To combat this, Google began launching algorithm updates called Penguin to identify low quality backlinks to different websites. If websites had too many of these bad backlinks (often because they had hired a black hat SEO at some point), Google would penalize the search engine rankings of that website.

The Consequences: This apartment SEO scam is bad... really bad. Anyone who sells you backlinks is either clueless or malicious. They don't work, and they can get you severely downgraded on Google. If you happen to be in this position, you might want to check out Google's Disavow Tool, but do your research on its pros and cons, and use it only as a last resort.

The Keyword Stuffing SEO Scam

Here is how Google defines Keyword stuffing:

"Keyword stuffing" refers to the practice of loading a webpage with keywords or numbers in an attempt to manipulate a site's ranking in Google search results. Often these keywords appear in a list or group, or out of context (not as natural prose).

Filling pages with keywords or numbers results in a negative user experience, and can harm your site's ranking.

Focus on creating useful, information-rich content that uses keywords appropriately and in context.

On apartment websites, this typically looks like a repetition of "Chicago, IL apartments", and then "Chicago apartments", and then "Chicago, Illinois apartments", and then "apartments in Chicago", etc. These keywords (and all the other variations) show up again and again in the text of the website, or sometimes buried at the very bottom of the page. This example is from several years ago but it is a classic case of keyword stuffing.

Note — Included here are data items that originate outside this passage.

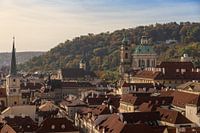 Een deel van het uitzicht op Praag vanaf het kasteel met zijn ontelbare prachtige kerken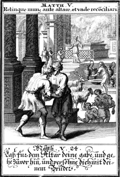 Description: As two are reconciled, a priest offers a sacrifice reconciling the people to God. This illustrates the command to go be reconciled with one another before bringing one's gift to God.
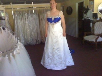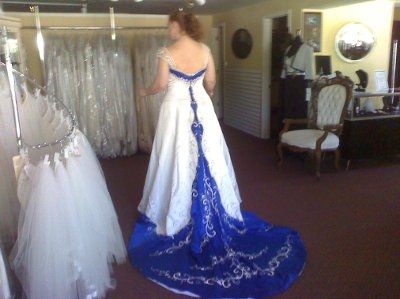 I just want to know if anyone has ever seen an Alfred Angelo dress with this color trim on it? If so, is it pretty? Does the color appropriately compliment a wedding dress? I want to know before I go and see it and am totally bummed that my dream dress doesn't look right. The first picture is the dress I have chosen with the "Tealness" colored trim. The second is the back of the dress.

Even worse, some black hat SEOs hide these words by putting them in font that is impossible for a human to see (e.g., in the same color as the background) to jam even more keywords on the page without looking too unnatural to a human being.

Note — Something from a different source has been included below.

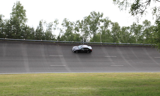 Mon second choix se porte sur le SLK 55 AMG. Ici aussi, les caractéristiques papier sont prometteuses : 421 ch et 0 à 100 en 4,6s. Découverte ici d’une conduite sportive différente, plus axée sur le pilotage car le SLK 55 AMG est une propulsion, contrairement au CLS qui se dote de 4 roues motrices. Toujours est-il qu’il se montre également très sécurisant. On ressent un sentiment de légèreté au volant du modèle qui, il est vrai, s’avère plus léger que le CLS de quelques centaines de kilos. La conduite est plus délicate et on apprécie de devoir se montrer plus précis pour réaliser les trajectoires. L’instructrice se fait aussi plus pressante car, le SLK étant une propulsion, il pardonnera moins facilement les erreurs de conduite. Il requiert donc plus de doigté et d’anticipation, y compris sur les réactions de la voiture. Pour le coup, le testant après le CLS, on ose moins le “pousser” et les tours s’enchainent donc –un peu– moins rapidement. Il se montre également très efficace même si, pour des raisons de sécurité, nous n’aurons pas pu le conduire en mode “cabriolet” comme il doit s’apprécier pleinement.

Or, we have seen each of these keywords link to different pages on the website that are optimized for their respective keywords--a variation on the "long-tail" SEO scam we discussed above. At it's worst, it looks like this (from Google's article on keyword stuffing).

The Consequences: As with most of the other SEO scams, this strategy can cause your website to be dropped in Google's rankings. Google can tell the difference between quality content and keyword stuffing, and it wants to reward the former and penalize the latter.

The Meta Keywords Tag SEO Scam

Meta tags give information about your website to computers. They are not visible to human beings and even most search engines don't pay much attention to them at all (with one major exception, which we will address below).

But because they aren't visible to human beings, most people don't know anything about them. Shady, black hat SEOs describe meta tags as some kind of secret weapon in ranking higher on Google. Specifically, they point to the meta keywords tag (where websites can list out the keywords they are trying to target), even though Google has stated repeatedly that Google does nothing with that tag.

Here is Matt Cutts, the head of Google's Webspam team:

 

The one thing that Matt Cutts does recommend is that you take the time to write out a valuable meta description tag unique for every page, because Google typically uses those descriptions in the snippet of the search engine listings on Google. So, if you write a compelling description, you could increase the amount of clicks you get when your website comes up with others who write less compelling descriptions.

The Consequence: Thankfully, there aren't any penalties that Google has assessed to address this specifically that we know of. Probably, this SEO scam will only cost you money, not your position on Google.

SEO Scams vs. Real SEO Work

Real SEO work is never simple. There isn't a quick-fix, a hack, or a trick that will vault you to the top of Google. Real SEO work is less about cramming your shopping list of keyword phrases onto each page as it is about helping the people who use your website. Real SEO work means building a well organized website with high quality content that actually helps prospective apartment residents.

Don't fall for the scams. If someone is selling you SEO services that sound too good to be true, you probably are getting pitched by a scammer.